Chapter 4 explores the designs for blended language learning and considers blended environments as hybrid. Social media, flipped classroom, learner analytics, visible learning, quantified self, virtual assistant, as well as disruptive innovation elements are also dealt with here. Throughout these pages, the content ranges from task design to professional development benchmarks.

Chapter 5 addresses strategies for language learning: flipped teaching, from single media to multimedia texts, synchronous and asynchronous activities and gamification. Notwithstanding, and worthwhile noting, the author does not ignore paper assessment, face-to-face assessment and online assessment.

In chapters 7 and 8 the principles of research and action research in blended environments are discussed. Moreover, blended environments are approached from an ethnographic perspective, an often criticized research method which the author redeems and defends in chapter 9.

Chapter 10 deals with blended technologies in practice. This chapter will be of specific interest to teachers, who will find the explanations of some techniques and activities very constructive. Some of the activities covered include carouselling, where learners give micro presentations and their partners record them on a mobile phone so as to later discuss the performance according to a rubric, quiz-game based classroom response systems such as Kahoot!, an example of formative assessment to force reading and vocabulary use. Video assessment with papers and LMS rubrics are also dealt with.

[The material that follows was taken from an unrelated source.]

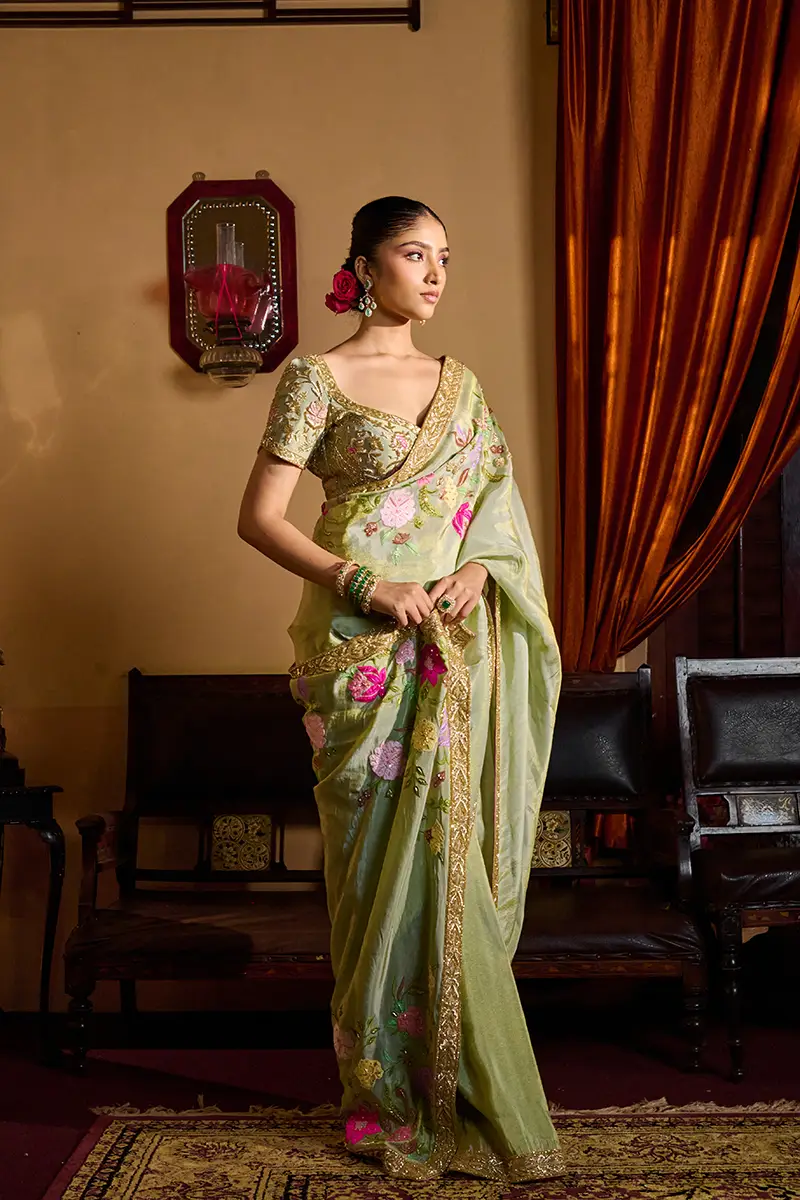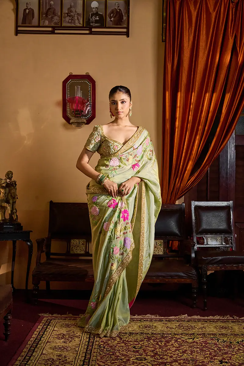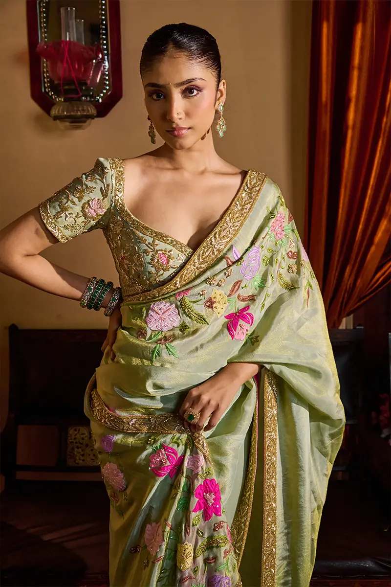 A pastel sage green saree featuring vibrant multicolored floral embroidery, paired with a heavily embellished blouse adorned with intricate Zari, Resham, and sequin work perfect for festive and celebratory occasions.

Chapters 11 and 12 are devoted to the explanation of blended language lessons and blended language programs in practice. Researchers in this field will learn from the author´s experience, since the results he observed were not always satisfactory regarding the pedagogical effectiveness of these programs. Despite this, the author posits possible explanations for the unexpected performance in some cases.

To sum up, this book represents an excellent contribution to the field for EFL teaching and learning. The writer shows, quite in line with Goffman (1974), how much has been done in this area of research from the diverse perspectives of teachers, administrators, and researchers. Hinkelman's writing allows the reader to easily follow the evolution of BL beyond Computer Assisted Language Learning to its establishment as a paradigm within Second Language Teaching and Second Language Acquisition. Constituting a new perspective on BL, the book explains in an enlightening, logical, and coherent way, how this new model combines communicative and Task Based Language Teaching principles, integrating new roles and concepts such as “ICTs ecology”. What differentiates this book from others in the field is that it is not limited to the study of BL in the classroom but also covers research and curricular design, thus achieving a global vision of the construct. At a time when teachers seem to have chosen the "no method" option, it would seem that this trend has been surpassed by the inevitable presence of Blended Learning, which, according to Hinkelman, is the new future of learning.

 

Reference

Goffman, E. (1974). Frame Analysis: An Essay on the Organization of Experience. New York: Harper & Row.